According to the American Association of Individual Investors, just 18% of people expect stocks to rise over the next six months. Retail investors haven’t been less enthusiastic about the market since 2005. The chart below from Goldman’s “The Last Innings” shows a similar picture of how lukewarm mom and pop investors are on stocks.
While the retail investor might not be outright bearish, it seems as if the smart money is less hesitant to show their claws. Between the RBS “sell everything” call and the recent Bearron’s round table, gloom is in the air. So what’s driving their recent warnings?
Is it the decimation of commodities? The weakness out of China? The end of accommodative fed policies? While it’s difficult to say exactly what’s causing the recent selling, I think it’s pretty obvious why some are so quick to extract the current weakness out into the future.

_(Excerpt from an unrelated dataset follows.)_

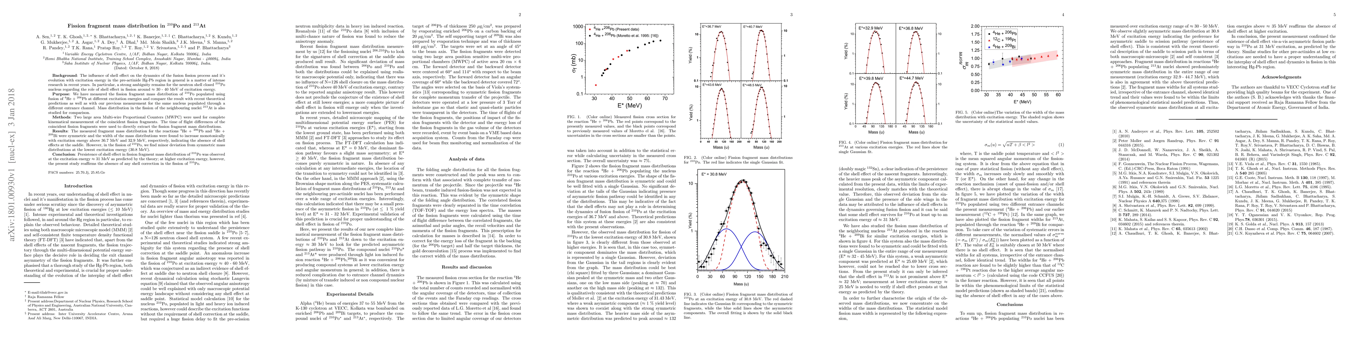 This study investigates the fission fragment mass distribution in $^{210}$Po and $^{213}$At, revealing minor deviations from symmetric distributions in $^{210}$Po at low excitation energies, indicating a persistent shell effect, while higher energies show no such effect. The findings align with theoretical predictions and suggest the influence of shell effects diminishes with increasing excitation energy.

The reason we’re hearing so many vocal bears- in my view, is that scars from the two recent fifty percent declines still haven’t fully healed. Nobody wants to be on the wrong side of a third bear marker in less than twenty years. These warnings may turn out to have been very prescient calls, who knows? The point is, it’s not just individual investors that can be infected with recency bias.
Stocks can suffer without a recession, as my friend and colleague Ben Carlson pointed out last night. What we’re very unlikely to ever see, however, is a correction without bear market calls, or a bear market without end of the world calls. As Phil Pearlman likes to say, “the higher the VIX, the higher the clicks.”